I would expect in case of reverse alignment lifted ranges to correspond to position 91-100 of the query sequence.
Nope. Local coordinates are _always_ w.r.t. the leftmost mapped position, whatever the strand. This is consistent with the SAM Format Specification:
All mapped segments in alignment lines are represented on the forward genomic strand. For segments that have been mapped to the reverse strand, the recorded SEQ is reverse complemented from the original unmapped sequence and CIGAR, QUAL, and strand-sensitive optional fields are reversed and thus recorded consistently with the sequence bases as represented.
In other words, local coordinates are reported with respect to the SEQ that is recorded in the SAM/BAM file. For queries that are mapped to the reverse strand, this means that local coordinates are reported with respect to the _reverse complement_ of the original unmapped sequence.
You can "revert" those local coordinates with something like this:
reverse_mapped_coordinates <- function(mapped, alignments)
{
stopifnot(is(mapped, "GRanges"), is(alignments, "GAlignments"))
alignments_hits <- mcols(mapped)$alignmentsHits
alignments2 <- alignments[alignments_hits] # parallel to 'mapped'
mapped_to_minus <- which(strand(alignments2) == "-")
bounds <- IRanges(1L, qwidth(alignments2)[mapped_to_minus])
ranges(mapped)[mapped_to_minus] <-
reflect(ranges(mapped)[mapped_to_minus], bounds)
mapped
}
Then:
library(GenomicAlignments)
x <- GRanges("T:701-710")
read1 <- GAlignments(seqnames="T", pos=701L, cigar="100M", strand=strand("+"), names="Q")
read2 <- GAlignments(seqnames="T", pos=701L, cigar="100M", strand=strand("-"), names="Q")
reads <- c(read1, read2)
mapped <- mapToAlignments(x, alignments=reads)
reverse_mapped_coordinates(mapped, reads)
# GRanges object with 2 ranges and 2 metadata columns:
# seqnames ranges strand | xHits alignmentsHits
# <Rle> <IRanges> <Rle> | <integer> <integer>
# [1] Q 1-10 * | 1 1
# [2] Q 91-100 * | 1 2
# -------
# seqinfo: 1 sequence from an unspecified genome; no seqlengths
Hope this helps,
H.
Do you have example code showing what you are trying to do and how it doesn't work the way you expect? Ideally a self-contained example so others can reproduce themselves?
Example alignment between query (Q) and target (T) sequences in PAF format.
paf.aln <- dplyr::tibble( q.name='Q', q.len=100, q.start=1, q.end=100, strand='*', t.name='T', t.len=1000, t.start=700, t.end=800, n.match=100, aln.len=100, mapq=60, cg='100=')
Target region to be lifted to the query
lift.gr <- as('T:701-710', 'GRanges')
PLUS
Setting GAlignments object in positive orientation (using PAF alignment)
plus.alignment <- GenomicAlignments::GAlignments(seqnames = paf.aln$t.name, pos = as.integer(paf.aln$t.start + 1), cigar = paf.aln$cg, strand=GenomicRanges::strand('+'), names = paf.aln$q.name)
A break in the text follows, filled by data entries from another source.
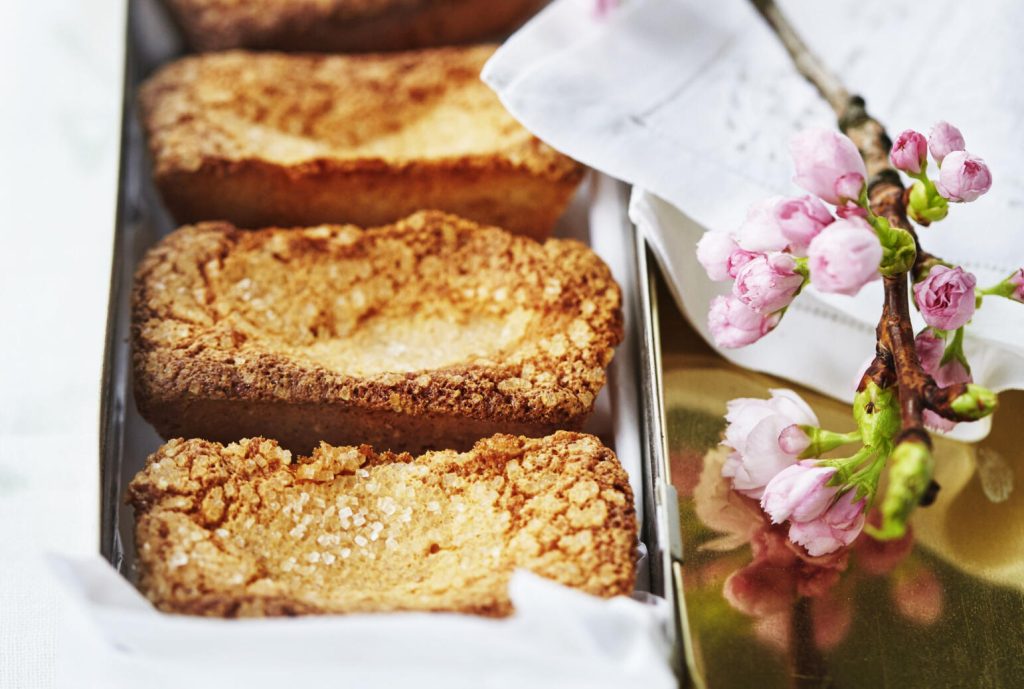 Häll smeten i små sockerkaksformar eller muffinsformar. Grädda mitt i ugnen i 15–20 minuter. När kakorna gräddats i tio minuter tas de ut och dekoreras med pärlsocker. In med kakorna i ugnen igen och grädda vidare, tills de är färdiga.
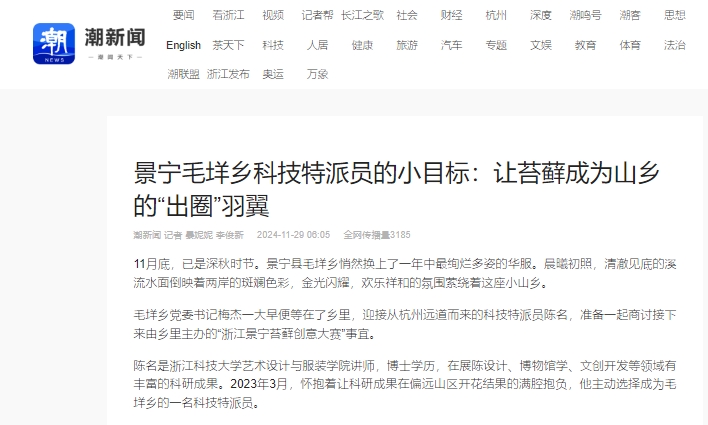 原文链接:景宁毛垟乡科技特派员的小目标:让苔藓成为山乡的“出圈”羽翼
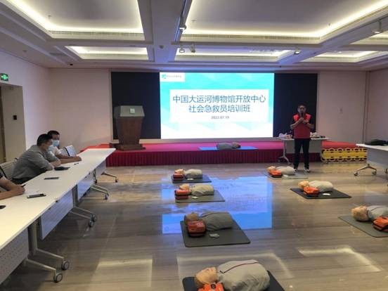 暑期以来,中国大运河博物馆迎来了客流的高峰期,为了加强我馆安全管理工作,有效避免和减轻人员意外伤害,给所有来到中国大运河博物馆的观众们营造一个更安全更有保障的场馆环境,增强馆内一线员工应急救护能力,更好地做好服务工作。近日,中运博邀请了扬州市急救中心和扬州市急救志愿者协会的老师为开放中心的全体员工开展了医疗急救知识培训。介绍在工作中遇到各种突发情况时,如何进行急救和护理的相关知识,提升中运博工作人员的应急救护技能和处置能力。

Lifting target region to query coordinates
plus.gr <- GenomicAlignments::mapToAlignments(x = lift.gr, alignments = plus.alignment)
MINUS
Setting GAlignments object in negative orientation (using PAF alignment)
minus.alignment <- GenomicAlignments::GAlignments(seqnames = paf.aln$t.name, pos = as.integer(paf.aln$t.start + 1), cigar = paf.aln$cg, strand=GenomicRanges::strand('-'), names = paf.aln$q.name)
Lifting target region to query coordinates
minus.gr <- GenomicAlignments::mapToAlignments(x = lift.gr, alignments = minus.alignment)
Here both ranges lifted to query coordinates are the same position 1-10 of the query. I would expect in case of reverse alignment lifted ranges to correspond to position 91-100 of the query sequence. Am I doing something wrong here?
Any help here from the developers? I don't think this is a correct behavior from the 'mapToAlignments' function. I think it is important to make this mapping in strand aware fashion to obtain correct coordinates.